**What to work on**:
So that the copy stays text only, transcribe the data below exactly and exclude the images.

**Data extract**:
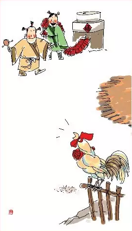 金鸡报晓。晚辈给长辈拜年,长辈给压岁钱,压住邪祟。
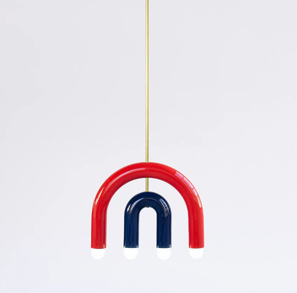The C1 lighting fixture is part of TRN collection. Three dimensional objects inspired by Jan Tarasin painting, have simple calligraphic forms which can play together as if they were letters from a non-existent alphabet. The hand crafted process of glazing ceramics gives the collection a truly unique character. It is finished with brass elements.
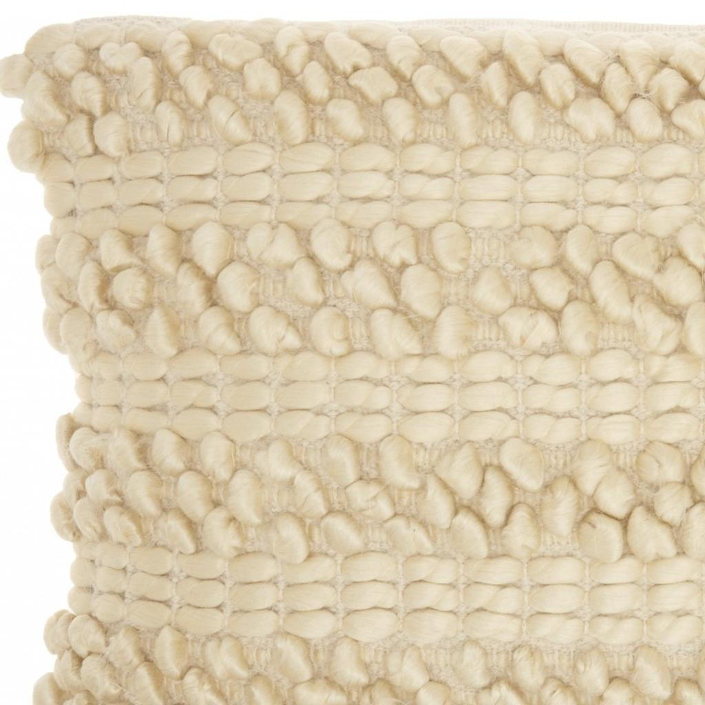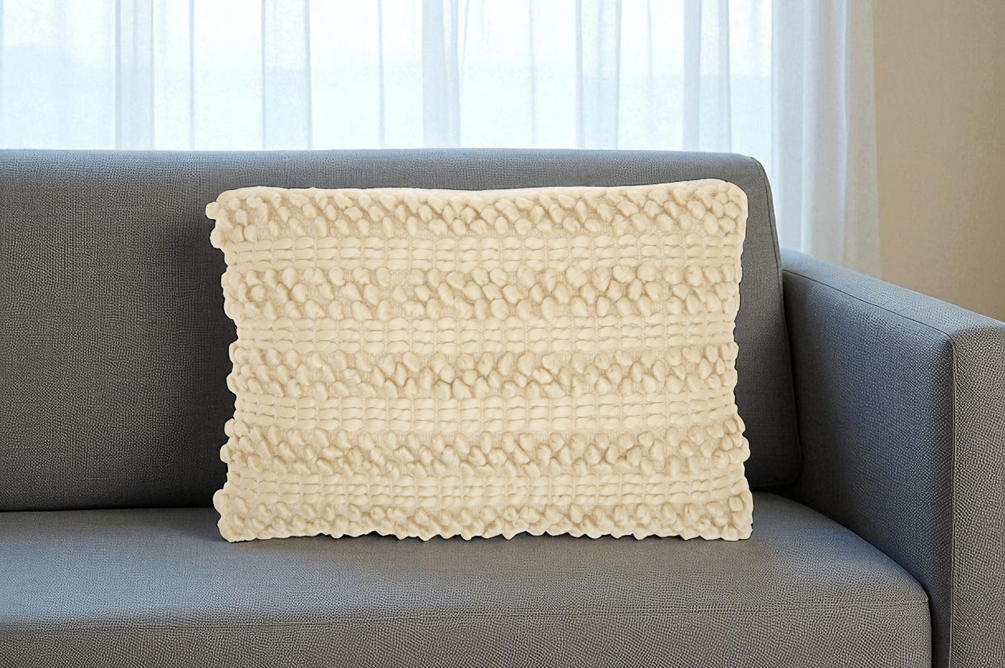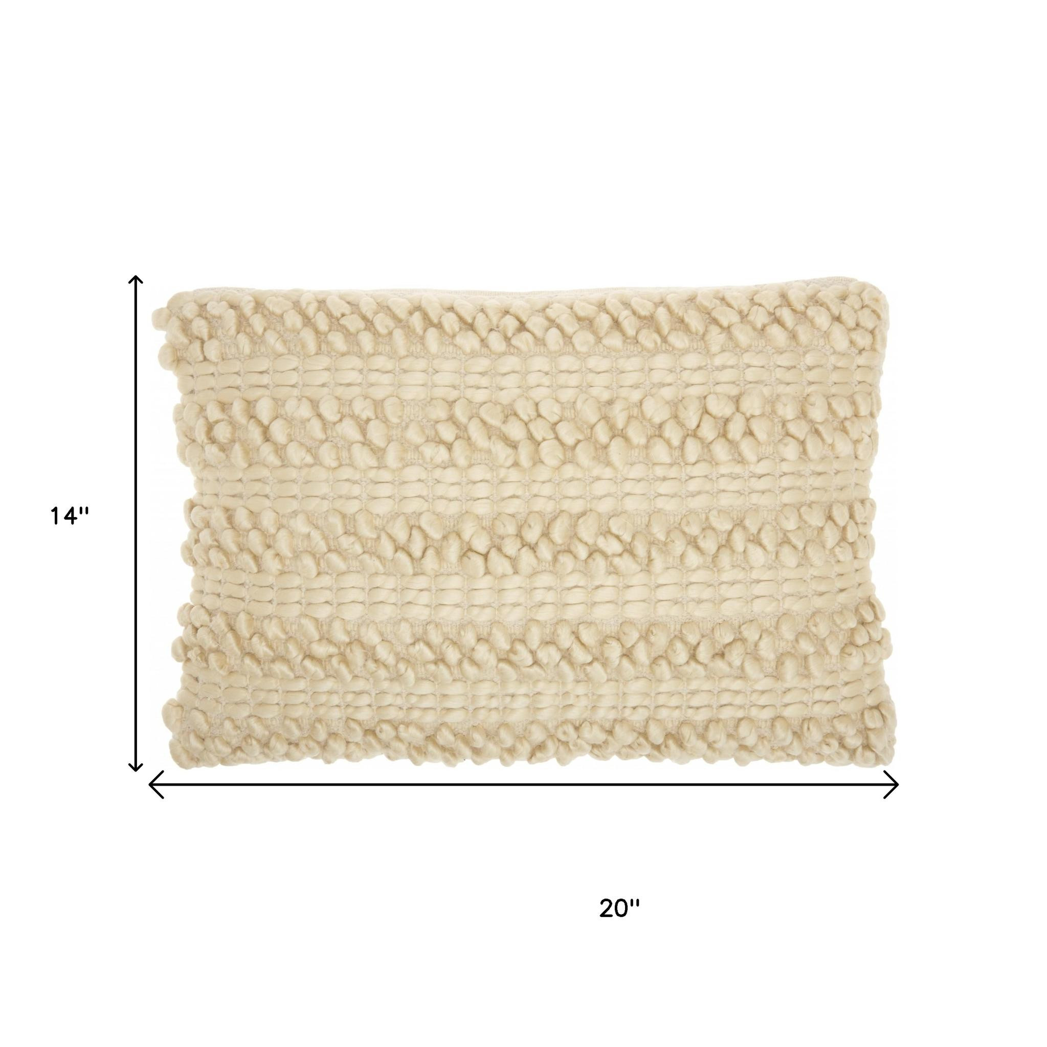 The 14-inch x 20-inch cream lumbar throw pillow with pompoms and texture is the perfect decorative accessory for your home. Durable cream polyester has been used to give this pillow a beautiful look that will stand the test of time. This soft polyester filled pillow not only is decorative but made to be comfy and cozy all day long. Great to use on its own or mix with other decorations for the perfect look. A great decorative accessory to add color and dimension to your favorite chair, accent your sofa, or to use as part of your bed ensemble. 14-inch h x 20-inch w x 5-inch d.

**Answer space**:
 金鸡报晓。晚辈给长辈拜年,长辈给压岁钱,压住邪祟。
The C1 lighting fixture is part of TRN collection. Three dimensional objects inspired by Jan Tarasin painting, have simple calligraphic forms which can play together as if they were letters from a non-existent alphabet. The hand crafted process of glazing ceramics gives the collection a truly unique character. It is finished with brass elements.
 The 14-inch x 20-inch cream lumbar throw pillow with pompoms and texture is the perfect decorative accessory for your home. Durable cream polyester has been used to give this pillow a beautiful look that will stand the test of time. This soft polyester filled pillow not only is decorative but made to be comfy and cozy all day long. Great to use on its own or mix with other decorations for the perfect look. A great decorative accessory to add color and dimension to your favorite chair, accent your sofa, or to use as part of your bed ensemble. 14-inch h x 20-inch w x 5-inch d.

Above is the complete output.